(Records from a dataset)

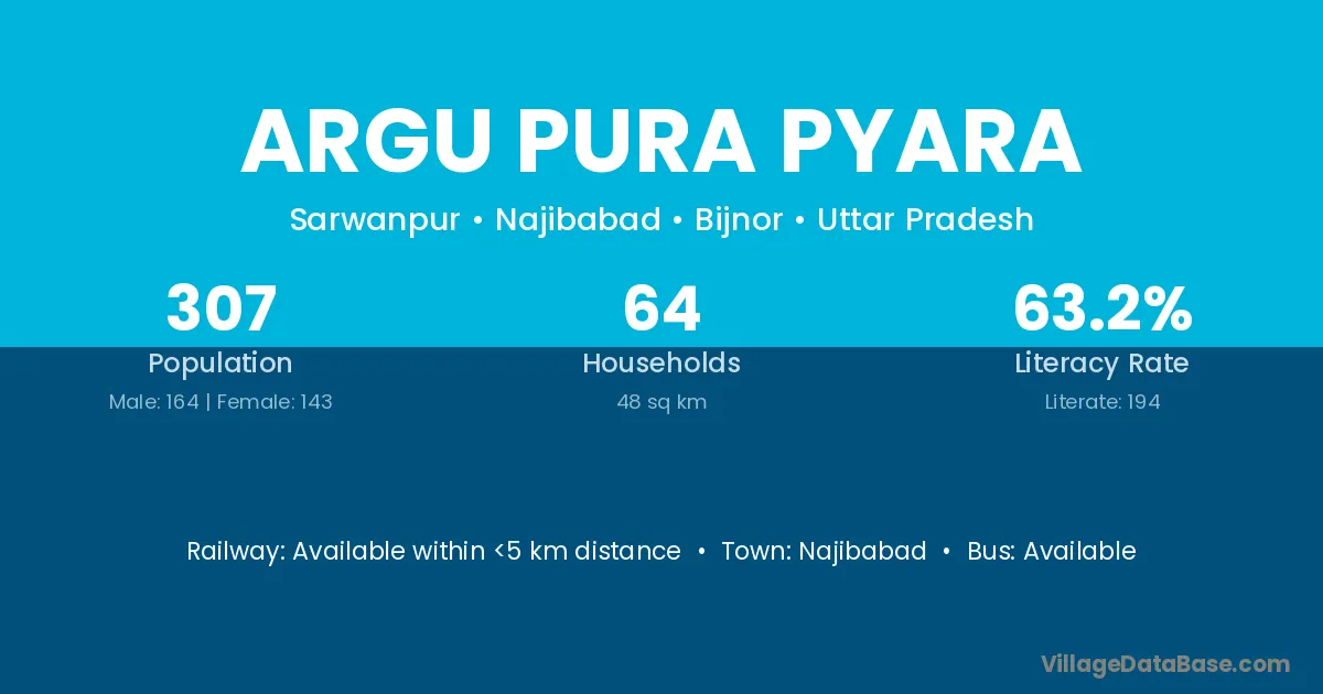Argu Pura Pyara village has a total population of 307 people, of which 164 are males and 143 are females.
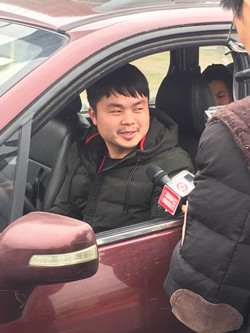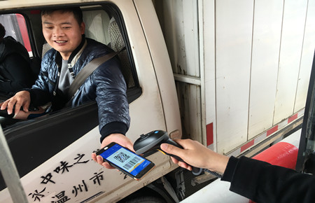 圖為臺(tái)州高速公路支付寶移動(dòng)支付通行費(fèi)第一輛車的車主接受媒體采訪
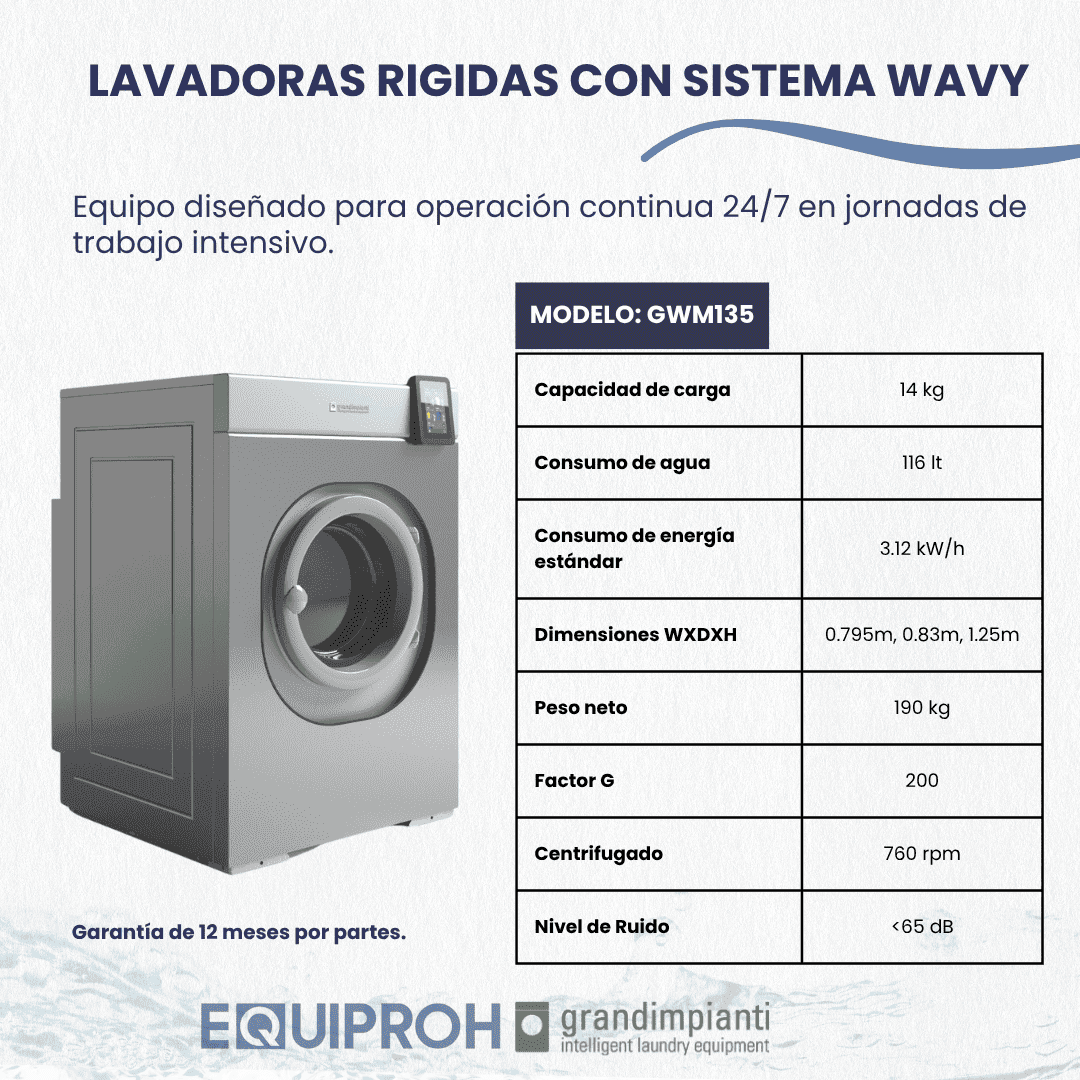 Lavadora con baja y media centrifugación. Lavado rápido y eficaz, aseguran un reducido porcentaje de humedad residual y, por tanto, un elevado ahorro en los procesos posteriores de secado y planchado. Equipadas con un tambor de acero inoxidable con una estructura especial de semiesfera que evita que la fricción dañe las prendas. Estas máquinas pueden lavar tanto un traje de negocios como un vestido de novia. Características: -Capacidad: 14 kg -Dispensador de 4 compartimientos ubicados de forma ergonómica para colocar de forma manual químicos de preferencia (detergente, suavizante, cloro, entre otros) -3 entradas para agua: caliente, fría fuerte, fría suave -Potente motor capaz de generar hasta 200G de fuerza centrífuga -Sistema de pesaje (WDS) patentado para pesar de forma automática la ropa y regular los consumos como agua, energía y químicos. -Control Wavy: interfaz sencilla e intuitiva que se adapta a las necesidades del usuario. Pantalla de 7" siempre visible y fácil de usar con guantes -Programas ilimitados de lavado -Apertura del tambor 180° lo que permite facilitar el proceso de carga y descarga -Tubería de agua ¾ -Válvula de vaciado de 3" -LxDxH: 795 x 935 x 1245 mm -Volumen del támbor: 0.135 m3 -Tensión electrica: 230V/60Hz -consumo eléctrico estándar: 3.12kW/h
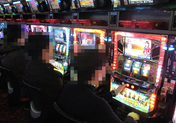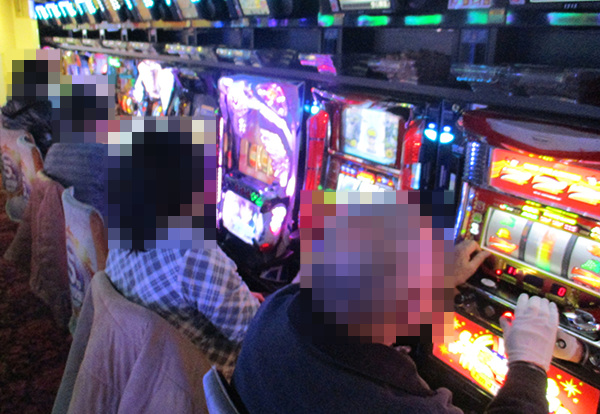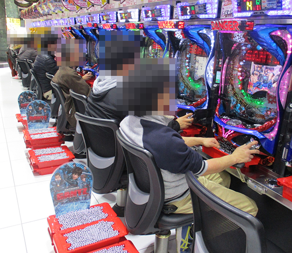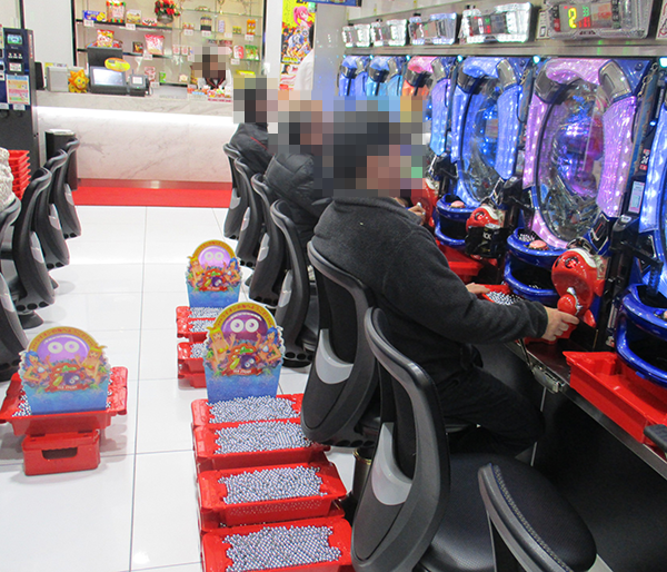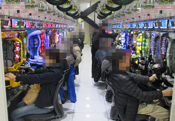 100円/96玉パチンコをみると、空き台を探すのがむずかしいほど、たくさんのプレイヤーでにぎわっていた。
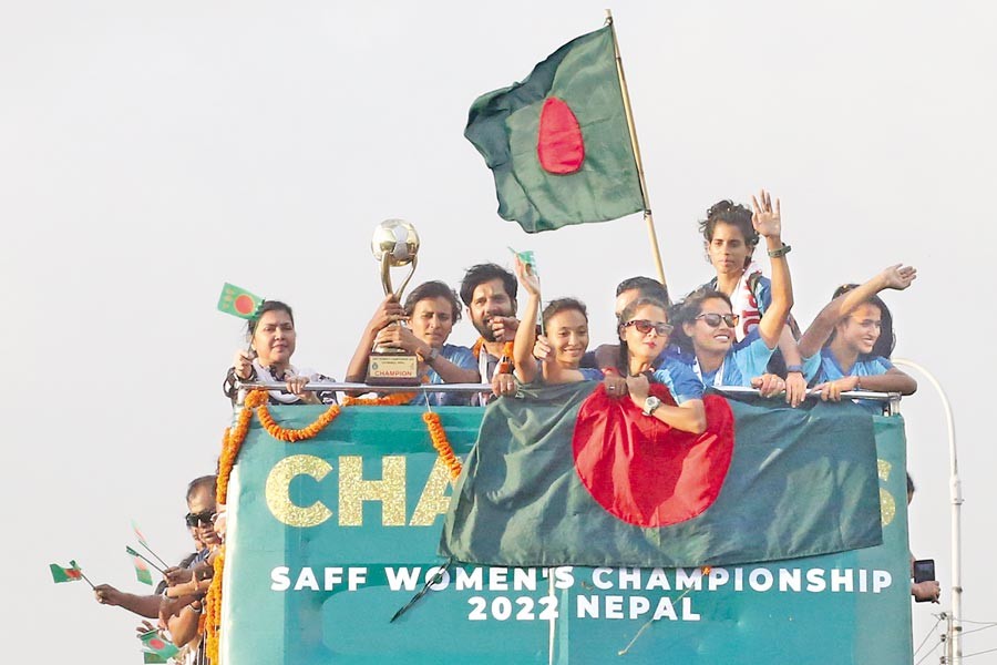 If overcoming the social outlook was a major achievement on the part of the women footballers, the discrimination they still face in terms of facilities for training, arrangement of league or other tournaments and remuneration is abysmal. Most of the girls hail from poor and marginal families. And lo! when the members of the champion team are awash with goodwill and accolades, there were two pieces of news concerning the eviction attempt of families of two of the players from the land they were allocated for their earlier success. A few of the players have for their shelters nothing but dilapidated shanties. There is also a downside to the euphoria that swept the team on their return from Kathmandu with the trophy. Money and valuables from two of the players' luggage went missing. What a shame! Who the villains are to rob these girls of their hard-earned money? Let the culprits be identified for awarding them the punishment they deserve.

* [Task objective]:
Leaving every picture behind, retype the entries above exactly, from the first line through the line with "100円/96玉パチンコをみ", and stop there.

* [Task output]:
Argu Pura Pyara village has a total population of 307 people, of which 164 are males and 143 are females.
 圖為臺(tái)州高速公路支付寶移動(dòng)支付通行費(fèi)第一輛車的車主接受媒體采訪
 Lavadora con baja y media centrifugación. Lavado rápido y eficaz, aseguran un reducido porcentaje de humedad residual y, por tanto, un elevado ahorro en los procesos posteriores de secado y planchado. Equipadas con un tambor de acero inoxidable con una estructura especial de semiesfera que evita que la fricción dañe las prendas. Estas máquinas pueden lavar tanto un traje de negocios como un vestido de novia. Características: -Capacidad: 14 kg -Dispensador de 4 compartimientos ubicados de forma ergonómica para colocar de forma manual químicos de preferencia (detergente, suavizante, cloro, entre otros) -3 entradas para agua: caliente, fría fuerte, fría suave -Potente motor capaz de generar hasta 200G de fuerza centrífuga -Sistema de pesaje (WDS) patentado para pesar de forma automática la ropa y regular los consumos como agua, energía y químicos. -Control Wavy: interfaz sencilla e intuitiva que se adapta a las necesidades del usuario. Pantalla de 7" siempre visible y fácil de usar con guantes -Programas ilimitados de lavado -Apertura del tambor 180° lo que permite facilitar el proceso de carga y descarga -Tubería de agua ¾ -Válvula de vaciado de 3" -LxDxH: 795 x 935 x 1245 mm -Volumen del támbor: 0.135 m3 -Tensión electrica: 230V/60Hz -consumo eléctrico estándar: 3.12kW/h
 100円/96玉パチンコをみると、空き台を探すのがむずかしいほど、たくさんのプレイヤーでにぎわっていた。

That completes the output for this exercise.